Dataset entries:
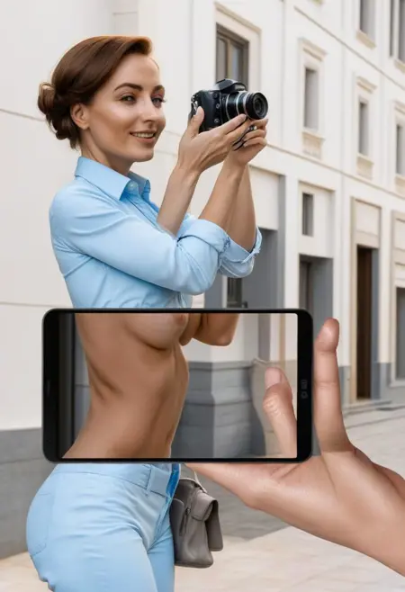 This LoRA puts you in a world where you possess a magic phone that shows you the people around you without their clothing.
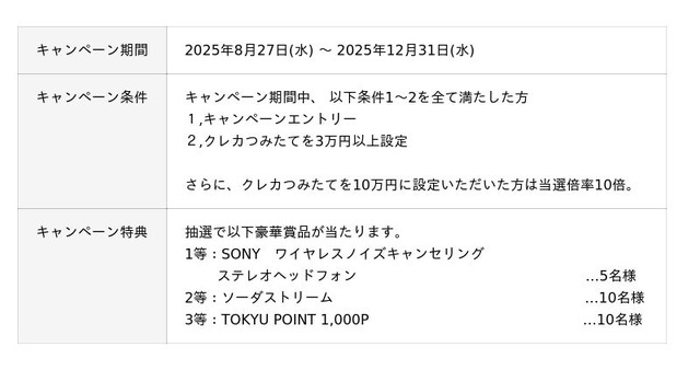 本キャンペーンでは、東急カードで、「クレカつみたて」の積立金額を3万円以上に設定された方を対象に、抽選で豪華賞品をプレゼントします。
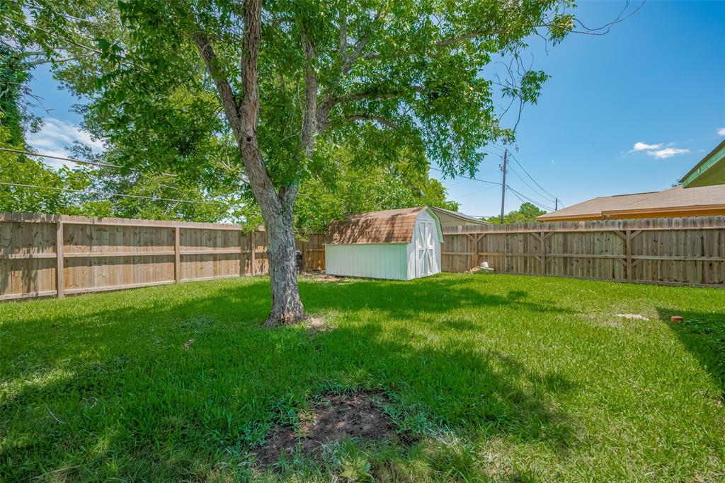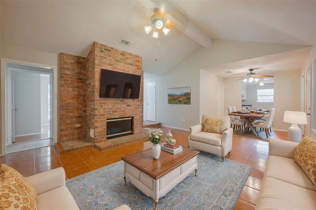 Welcome to this beautiful move-in ready home nestled in a peaceful community near parks, shopping, and dining! Step inside to discover a bright, open layout with no carpet throughout and plenty of living space to spread out and enjoy. The spacious living room features a stunning floor-to-ceiling brick fireplace, creating a warm and inviting atmosphere. The kitchen is both stylish and functional with pristine white cabinetry, ample counter space, a pantry, and both a breakfast nook and formal dining area—perfect for everyday living and entertaining. The primary suite is a private retreat with a cozy sitting area, ensuite bath, and a generous walk-in closet. Additional bedrooms are spacious and versatile, easily adaptable to your needs—whether for guests, a home office or hobbies. Outside, you’ll find a fully fenced yard with lush green space, a covered patio ideal for relaxing and a storage shed for added convenience. This charming home offers comfort, style, and an unbeatable location!
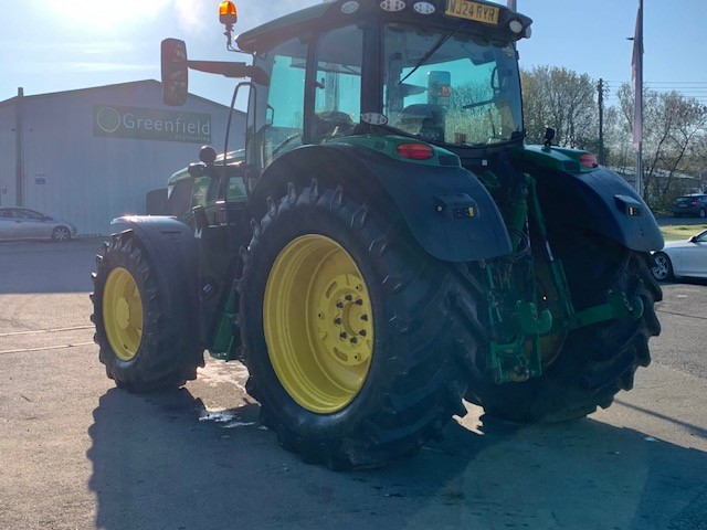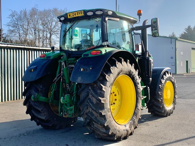 EX HIRE JOHN DEERE 6R 185. 50KPH AUTOPOWR WITH COMMAND PRO, FULL SUSPENSION, AUTOTRAC READY, GEN 5 DISPLAY WITH ACTIVATIONS, 155 LPM HYD PUMP WITH IPM TRIGGER, 4 REAR VALVES, HYDRAULIC TOPLINK, AIR BRAKES, FRONT LINKAGE & PTO, LED LIGHTS, REVERSIBLE FAN. ON 650/65R42 & 540/65R30 TRELLEBORG POWERGARD TO APRIL 2027.
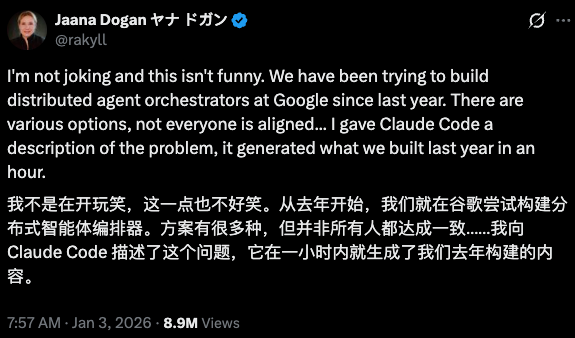 今年1月,Google Gemini API团队的Principal Engineer Jaana Dogan在X上发了一条帖子,迅速获得了数百万次浏览。
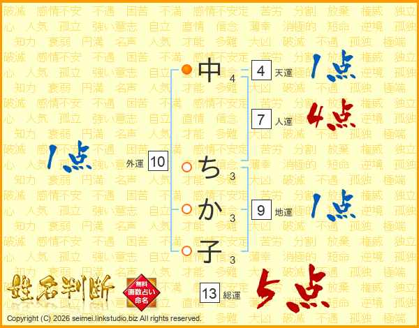 中ちか子さんの総運は13画の5点!
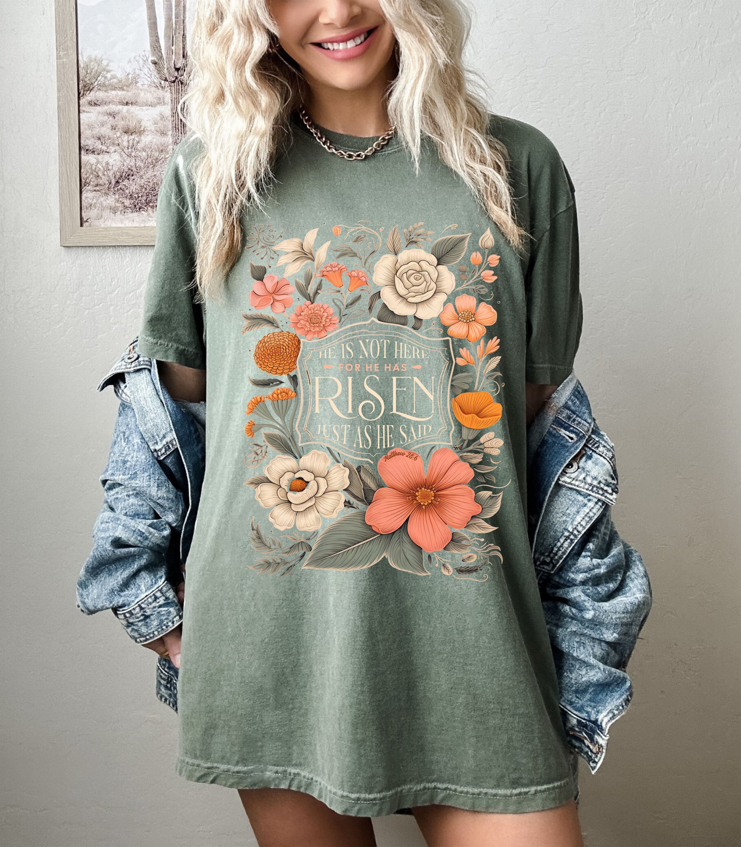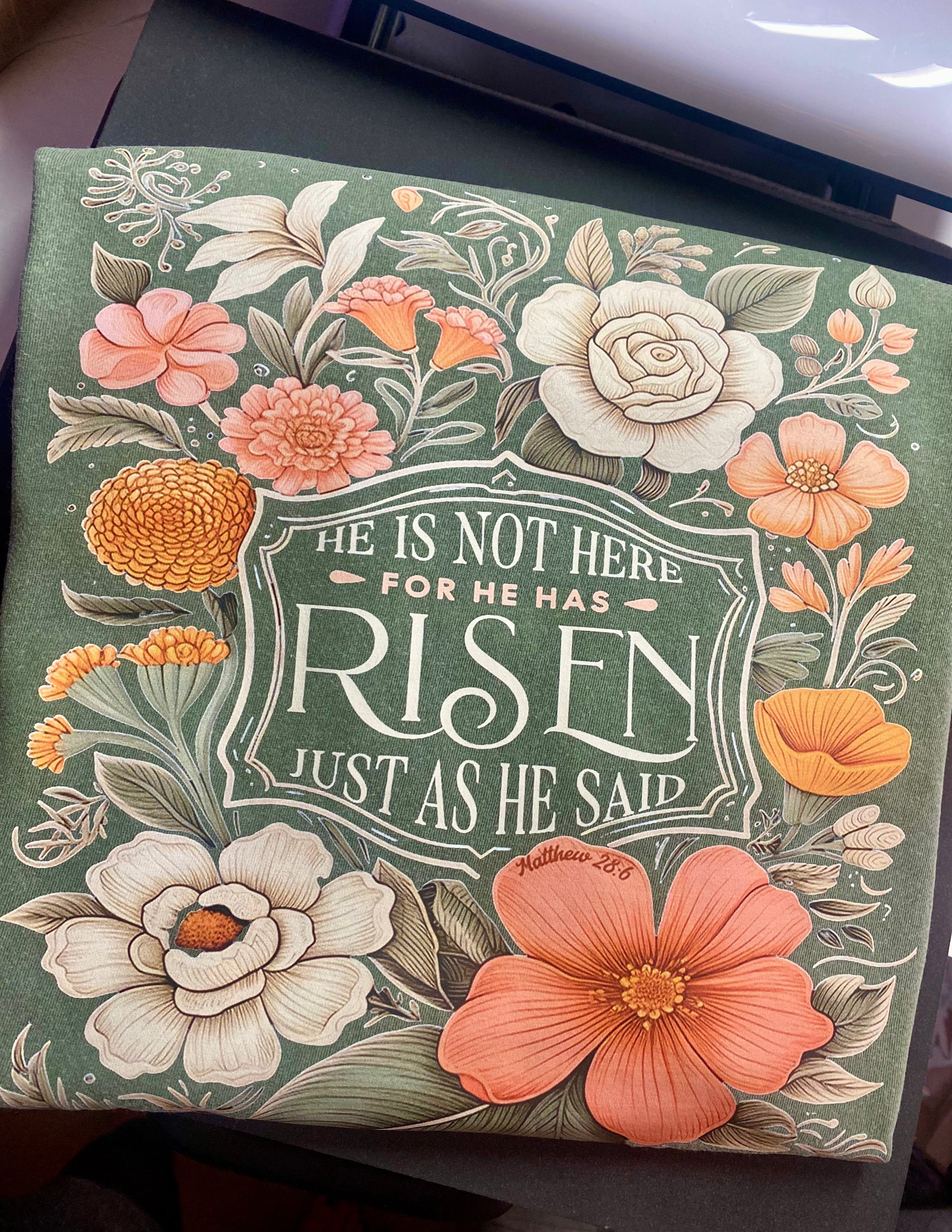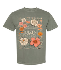 He Has Risen Floral Comfort Colors Tee - Moss
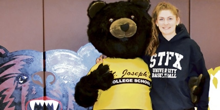 Kim Taylor, a senior at St. Joseph’s College, stands by one of her most ferocious supporters while sporting brand-new colours from St. Francis Xavier, where she was recently signed to play for the St. FX X-Women.
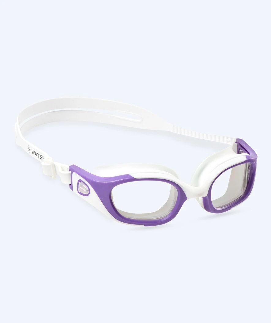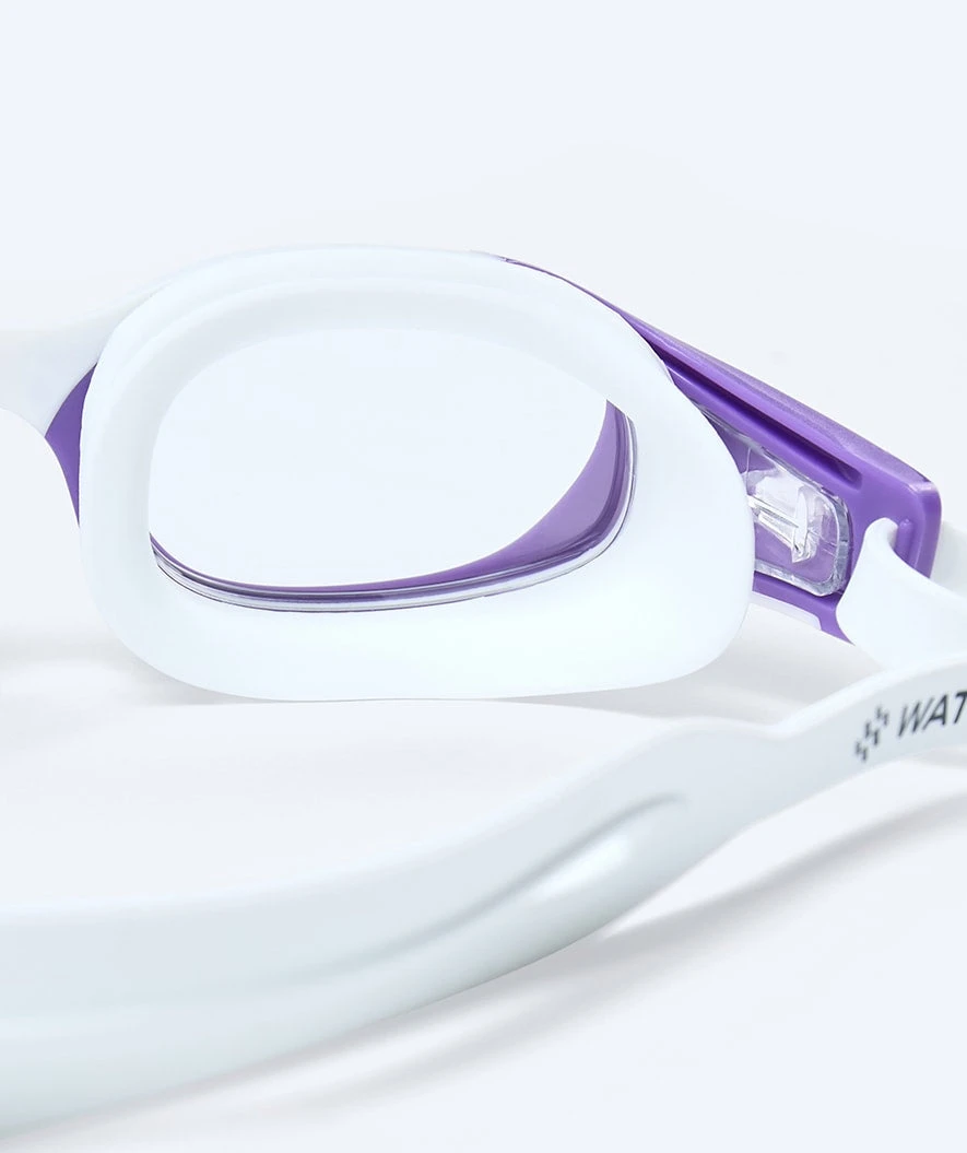 Denne Clyde Active modellen er i lilla farge med klar linse, og kan brukes både i svømmebassenget og på stranden. I tillegg til denne modellen, er også Clyde-modellen tilgjengelig i flere farger med mirror glass. Den har nøyaktig samme briller og funksjoner, den eneste forskjellen er Mirror-linsen, som betyr at folk ikke kan se inn i øynene dine utenfra.
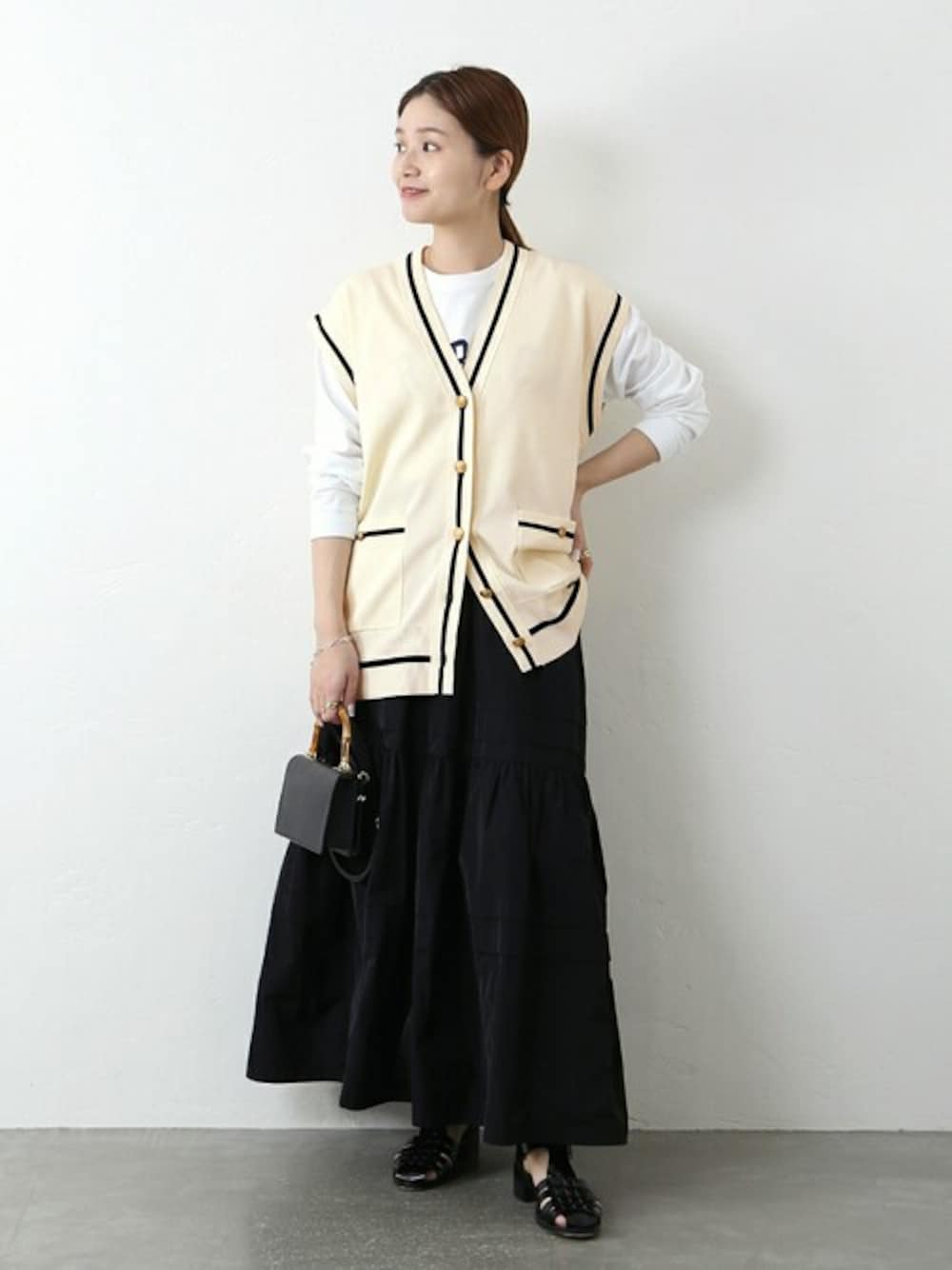 PREPPYベスト◆ さらっとしたコットン混の総針ベスト! SPORTYなラインとメタルボタンがポイント。 着心地抜群で着るだけで決まるお洒落ベストなので、カットソーに合わせたり、 1枚で夏に着るのも素敵です。 今年トレンドのハリ感のあるスカートに合わせてスタイリング、 下のボタンを少し開けると見た目が良くスッキリします。 ●骨格/ストレート ●パーソナルカラー/イエベ春 ●普段サイズ/М 着用期間:春・夏・秋 サイズ感:程よくゆとりがあります。 素材感:さらっとしたコットン混素材。 着心地:着丈が長めなので、細身のパンツやスカートとの相性も抜群です。 ※ あくまでも個人の感想です。 Instagram➤onkanaa こちらもフォローしてみてください◎
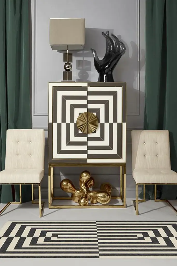 Graphic go-anywhere funster. This charcoal and off-white geometric rug mesmerizes with its dynamic, op art-inspired pattern. Water-resistant, stain-resistant, and machine-washable.
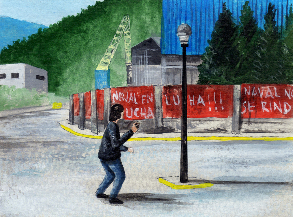 Toda esta zona relacionada con el mar, vive constantes crisis, con sus consecuentes movilizaciones. Yo he visto la de las trabajadoras (siempre son mujeres) de la conservera Cuca, o las de los obreros y obreras de Lantero (empresa de cartones). Recuerdo cómo la gente de Lantero detenía el tráfico en los pasos de cebra, haciendo que los coches de sus jefes no pudieran pasar, se formaban uno tras otro para cruzarles el paso, en una marcha eterna. Me hizo mucha gracia el ingenio y me conmovió su organización y el apoyo del pueblo que ellos sí tuvieron.
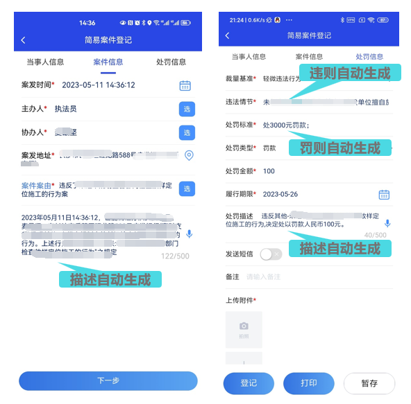 按照《行政處罰法》的要求,萬州區(qū)智慧城管綜合執(zhí)法系統(tǒng)嚴(yán)格按照自由裁量權(quán)標(biāo)準(zhǔn)將案件受理、立案、調(diào)查、處罰、執(zhí)行等執(zhí)法環(huán)節(jié)在平臺中建立規(guī)范化的執(zhí)法流程,規(guī)范每個環(huán)節(jié)、每個崗位的要求,從源頭上約束和規(guī)范執(zhí)法行為。通過對法律法規(guī)、自由裁量權(quán)、執(zhí)法文書進行結(jié)構(gòu)化編碼處理,實現(xiàn)法律法規(guī)在線查詢、執(zhí)法案由智能推選、執(zhí)法文書標(biāo)準(zhǔn)輸出、自由裁量規(guī)范使用,執(zhí)法隊員選擇相應(yīng)執(zhí)法事項后,系統(tǒng)自動關(guān)聯(lián)違則、罰則、自由裁量標(biāo)準(zhǔn)等,幫助執(zhí)法隊員用好法、用對法,不再需要執(zhí)法隊員花很大功夫去查閱資料,避免人情執(zhí)法、經(jīng)驗執(zhí)法,從源頭保障法律的執(zhí)行能夠公平公正。

# Required action
Above are records with pictures. Reproduce exactly only the lines from the line with "今年1月,Google Gemini API团队的Principal" through the line with "Kim Taylor, a", both ends included, and leave the pictures out.

# Reply
 今年1月,Google Gemini API团队的Principal Engineer Jaana Dogan在X上发了一条帖子,迅速获得了数百万次浏览。
 中ちか子さんの総運は13画の5点!
 He Has Risen Floral Comfort Colors Tee - Moss
 Kim Taylor, a senior at St. Joseph’s College, stands by one of her most ferocious supporters while sporting brand-new colours from St. Francis Xavier, where she was recently signed to play for the St. FX X-Women.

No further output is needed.